According to him, the commission need to be adequately funded, hence various avenues will be explored to increase the funding of the intervention organ of the Federal Government in the Niger Delta area. He said: “We are going to amend the NDDC Act to increase funding. The NDDC law is faulty and it requires amendment. When the amendment is done, for instance, oil companies will not be limited to what they are currently contributing.
“In fact, all companies operating in the Niger Delta would be made to contribute to the development of the area. For the NDDC to work properly, some percentage of the derivation should also be deducted at source before it gets to the states for the funding of the commission.”
Brambaifa said plans were afoot to set the process amending the Act in motion, saying the process would commence as soon as the Senate resumes from its recess. He said the Senate would ensure that all stakeholders were offered the opportunity to contribute to the process, as public hearings would be held for that purpose.
He used the forum to review the various intervention organs by the Federal Government, namely the Niger Delta Development Board and Oil Mineral Producing Areas development Commission (OMPADEC) and concluded that the NDDC’s intervention was on the right course, as it had been conceived to correct the failures of the previous organs. “NDDC is on the right course.
NDDC has a plan to develop the Niger Delta area, but I think they have a problem, which has to do with adequate funding. The peculiar nature of the Niger Delta area has made construction of roads money guzzling. To construct one road in the area could cost N5 billion and here you are with N40 billion budget. We need fund to develop the area,” he stated.
He clarified that the budget for the NDDC for the fiscal year 2004 is N47 billion, with N39 billion projected expenditure profile. On the agitations in the Niger Delta, particularly by the youths, he said the actions were justifiable in the light of the over 60 years of deprivation that the area had suffered, despite being the producer of the nation’s oil wealth. Brambaifa said he was in support of the youths in the Niger Delta whom he described as freedom fighters for drawing attention of all concerned to the under-development in the area.
He, however, pointed out that one of his major goals in the Senate was to ensure that peace reigned in the Niger Delta area, adding that “in the area of crisis resolution, we have been able to set up sub-committee on conflict resolution and we have resolved the Kola crisis in Akokotoru local government area of Rivers; we have been able to bring together the warring factions.”

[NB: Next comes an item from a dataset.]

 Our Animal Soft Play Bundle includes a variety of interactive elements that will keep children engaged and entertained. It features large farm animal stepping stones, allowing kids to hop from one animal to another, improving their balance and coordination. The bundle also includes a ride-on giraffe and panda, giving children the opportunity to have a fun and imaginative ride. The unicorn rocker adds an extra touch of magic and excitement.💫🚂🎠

On the Senate and its leadership in the last one year under Chief Adolphus Wabara, he said: “You could not have had a better Senate; this is the best Senate we can ever have.”

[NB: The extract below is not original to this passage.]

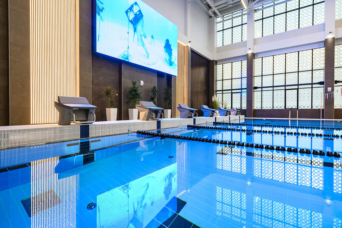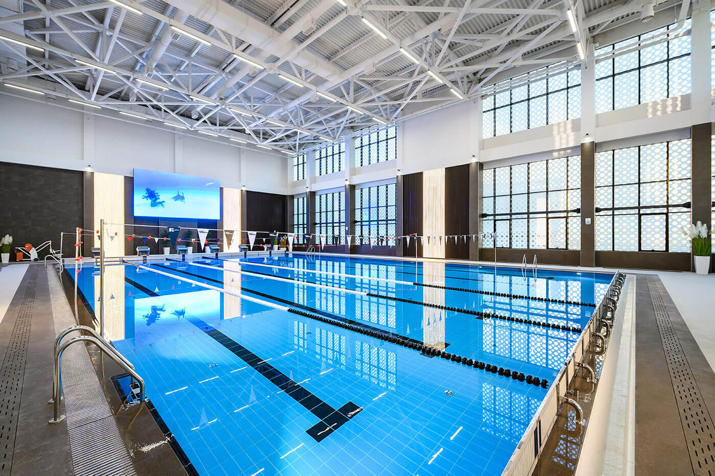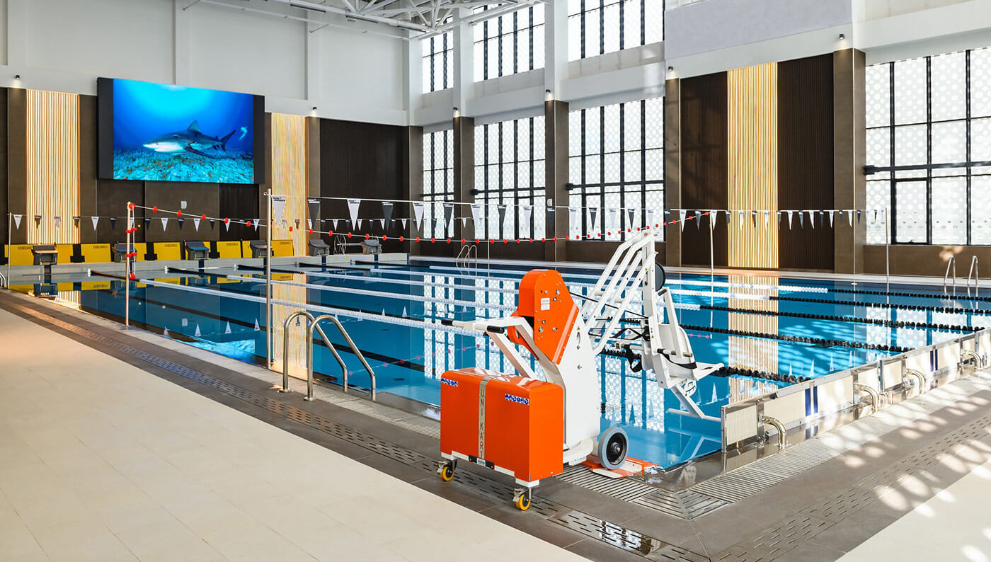 Бассейн 25*16 м, оснащенный всем необходимым спортивным оборудованием: стартовые тумбы с датчиком фальстарта установлены на помосте, что является залогом безопасности, поворотные панели находятся с противоположной стороны от помоста. Для проведения внутренних соревнований клуба в проект была внедрена система хронометража Seiko. На влагозащищенный мультимедийный светодиодный экран выводятся не только результаты соревнований, но и любые видеофайлы.

He dismissed the suggestion in some circles that the Senate was a rubber stamp, saying: “This Senate is a moderating organ to build the country and not to break it; it is not to bash or abuse President Obasanjo. The objective of the Senate is to help achieve the national progress.”
He said the Senate would embark on dialogue with President Obasanjo, if there was a policy that was unpopular, pointing out that this is what the Senate had been doing.